Following the declaration of a global function or member function, declares the dimensions of the input arguments with the given name. This declaration must immediately follow the prototype of the function. Dimension strings may contain any arbitrary C expression. If the expression is sufficiently simple, e.g., "n" or "n+1" or "2*n", and if the expression includes another argument to the function ("n" in this case), then the other argument will be calculated from the dimensions of the input variable and need not be specified as an argument in the scripting language.

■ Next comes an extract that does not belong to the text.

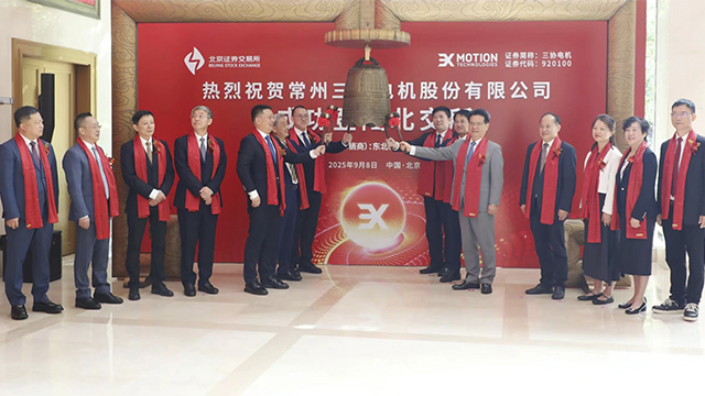 9月8日上午,常州三协电机股份有限公司登陆北京证券交易所,股票简称三协电机,股票代码920100。截至目前,全市境内外上市公司累计达105家。三协电机股份有限公司董事长盛祎、市委书记王剑锋出席上市仪式。

For example, if you have a function which is declared like this:

void myfunc(int n, double *x, double *y);
//%input x(3*n+4) //%output y(n*(n+1)/2)

n would be calculated from the dimension of the variable x and then used to compute the size of the output array. So you would call the function like this:

>>y = myfunc(x)

On the other hand, if you had a specification like this:

void return_diag(int n, double *x, double *y);
//%input x(n*(n+1)/2) //%output y(n)

then n will have to be explicitly specified because it is too difficult to calculate:

>>y = myfunc(n, x)


  • //%modify argname(dim1, dim2, ...), argname(dim1)
  • //%output argname(dim1, dim2, ...), argname(dim1)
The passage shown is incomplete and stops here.